BEIJING, July 19 (Xinhua) — The China CEO of a world-renowned business school criticized tariffs on trade, saying such barriers have failed to achieve their intended results throughout history.

“Tariffs have never been seen to actually lead to the results that the tariffs have intended to close down an industry, to stop competition, or to really stop a company from succeeding in the market,” Mark Greeven, CEO of the International Institute for Management Development China, told Xinhua.

Western assumptions about China producing cheap, low-quality electric vehicles (EVs) are misguided, with China now the world leader in this area, said Greeven at the launching ceremony of the 2024 China Company Transformation Indicator (CCTI) held recently in Beijing.

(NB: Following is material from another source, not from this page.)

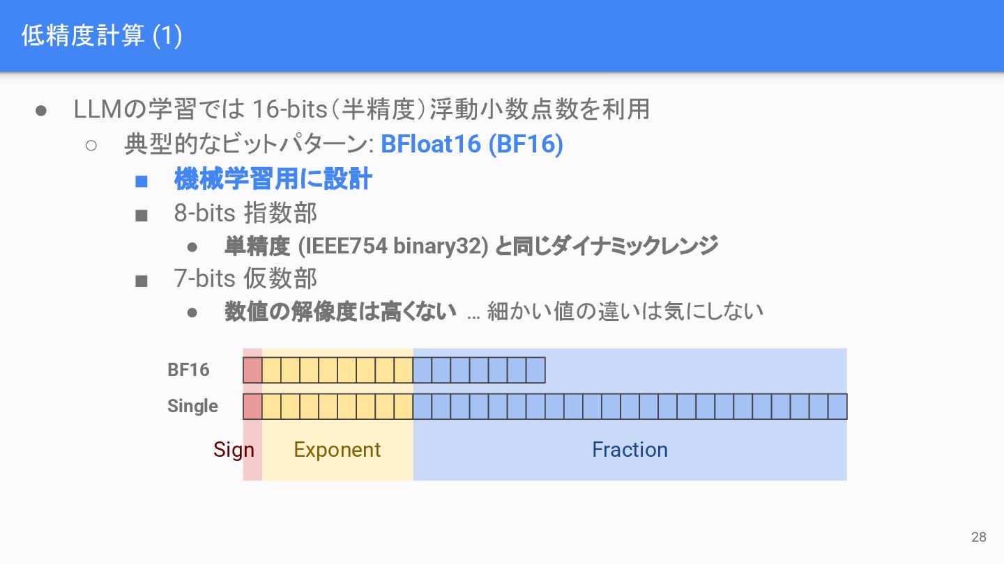 低精度計算 (1) 28 • LLMの学習では 16-bits(半精度)浮動小数点数を利用 ◦ 典型的なビットパターン: BFloat16 (BF16)

The CCTI, developed by the Institute’s China Initiative, offers a comprehensive analysis of the transformative capabilities of leading companies across key sectors, such as food and beverage, new energy vehicles (NEV) and new materials, in China’s evolving economic landscape.

It found that leading companies in China prioritize boosting resilience and future growth prospects, focusing on innovation, adaptability and alignment between market forces and government policies.

“Innovation is the name of the game,” Greeven said, adding that to win in China, companies must prioritize innovation, especially in the NEV sector, which has experienced rapid growth in recent years.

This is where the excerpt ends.